■ **Exercise details**:
Below are records with pictures in them. Transcribe everything from the line containing "Indicamos o Lustre" down to the line containing "Set of 4 mats", exactly, and leave the pictures behind.

■ **Data for this exercise**:
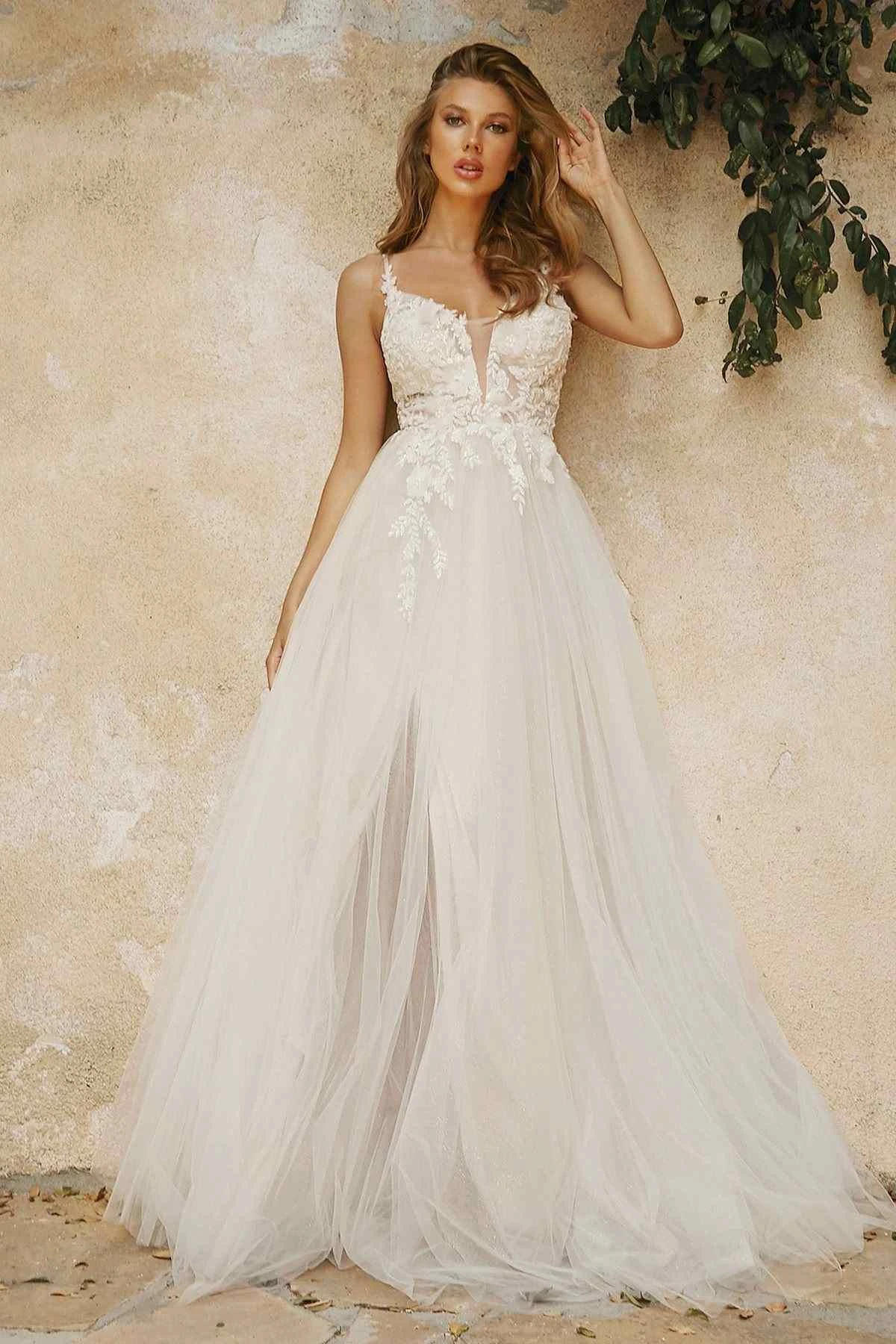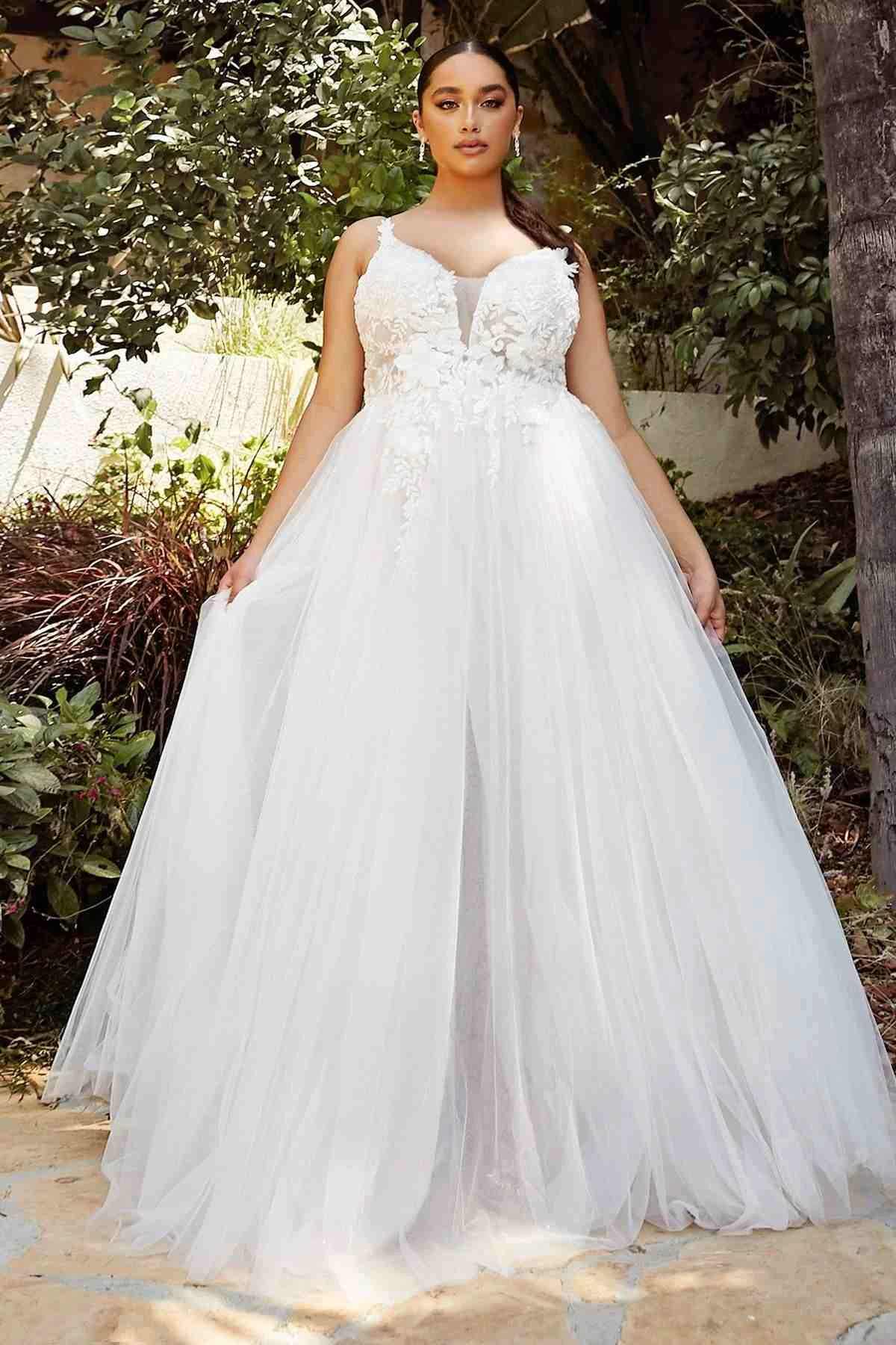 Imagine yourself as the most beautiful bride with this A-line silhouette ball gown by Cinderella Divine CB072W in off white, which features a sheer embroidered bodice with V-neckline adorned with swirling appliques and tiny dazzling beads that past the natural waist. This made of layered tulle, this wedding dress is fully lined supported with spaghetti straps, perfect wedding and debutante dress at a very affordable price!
==
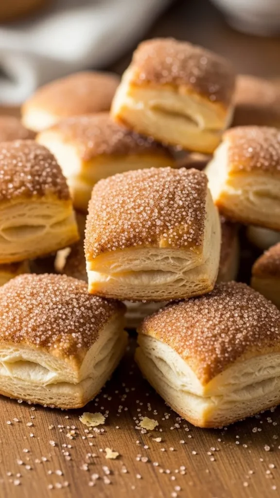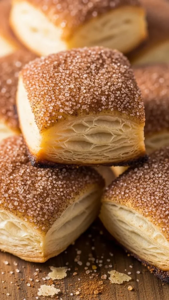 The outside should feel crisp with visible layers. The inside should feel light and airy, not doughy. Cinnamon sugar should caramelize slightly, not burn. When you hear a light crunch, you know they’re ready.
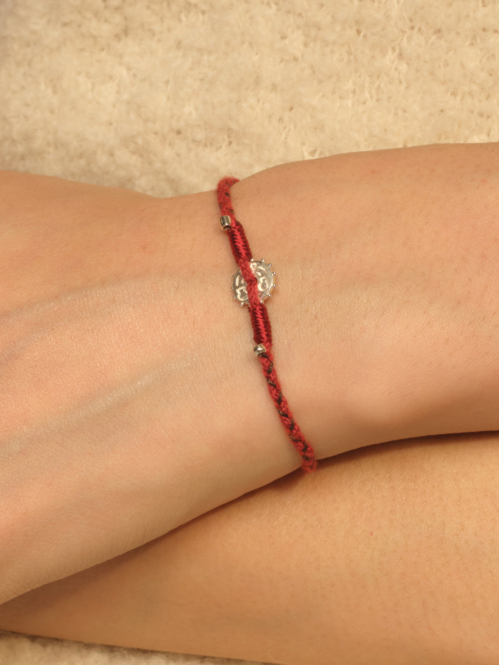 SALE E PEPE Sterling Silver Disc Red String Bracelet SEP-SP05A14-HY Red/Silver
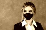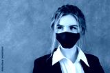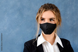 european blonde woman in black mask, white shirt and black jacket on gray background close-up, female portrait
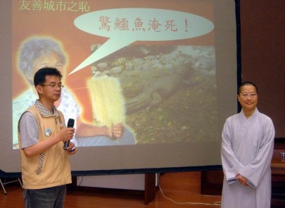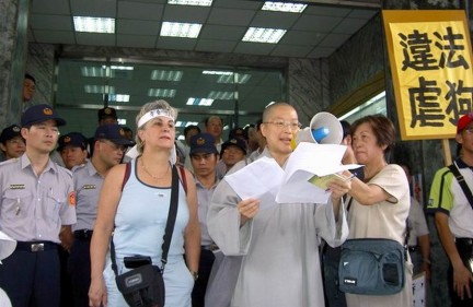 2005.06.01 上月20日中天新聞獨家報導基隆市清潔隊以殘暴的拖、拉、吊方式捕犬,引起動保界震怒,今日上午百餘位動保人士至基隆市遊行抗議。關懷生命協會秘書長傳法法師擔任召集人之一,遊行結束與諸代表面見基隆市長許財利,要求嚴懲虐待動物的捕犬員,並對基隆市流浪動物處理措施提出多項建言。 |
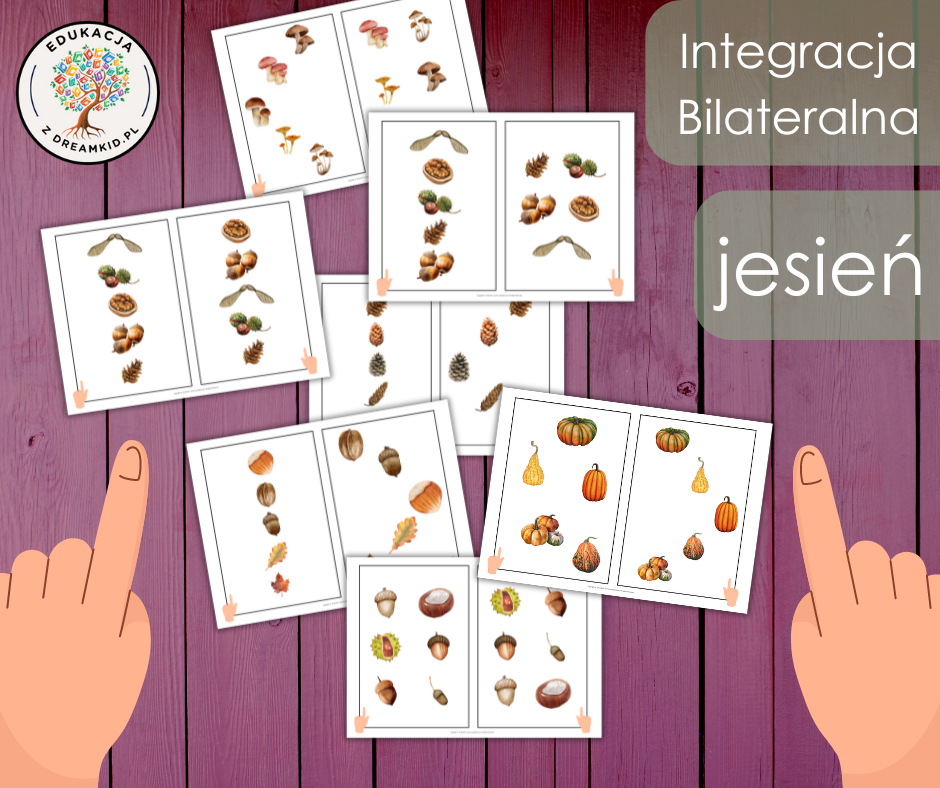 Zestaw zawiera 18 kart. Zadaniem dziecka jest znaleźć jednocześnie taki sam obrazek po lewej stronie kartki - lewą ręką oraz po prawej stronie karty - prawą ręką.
---
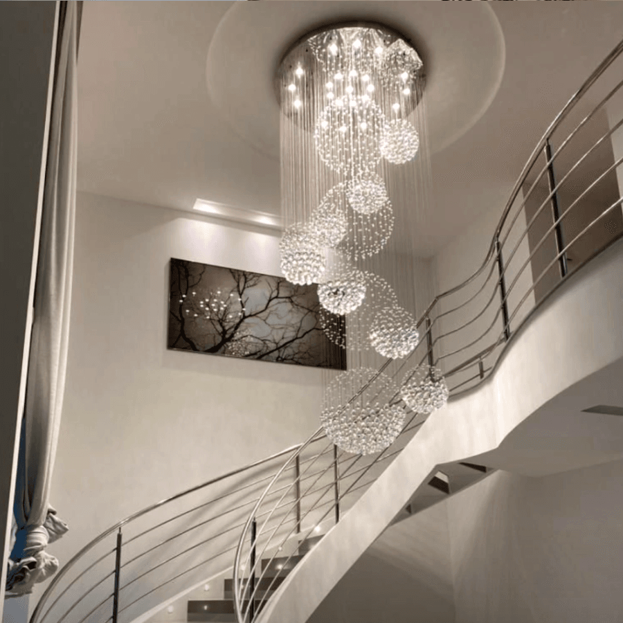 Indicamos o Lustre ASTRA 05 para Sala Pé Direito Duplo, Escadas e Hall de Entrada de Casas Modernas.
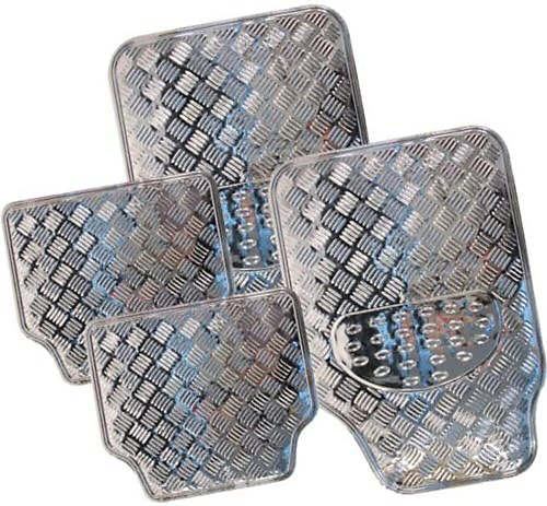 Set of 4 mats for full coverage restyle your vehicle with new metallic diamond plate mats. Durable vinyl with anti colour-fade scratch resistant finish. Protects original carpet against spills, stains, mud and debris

■ **Task solution**:
 Indicamos o Lustre ASTRA 05 para Sala Pé Direito Duplo, Escadas e Hall de Entrada de Casas Modernas.
 Set of 4 mats for full coverage restyle your vehicle with new metallic diamond plate mats. Durable vinyl with anti colour-fade scratch resistant finish. Protects original carpet against spills, stains, mud and debris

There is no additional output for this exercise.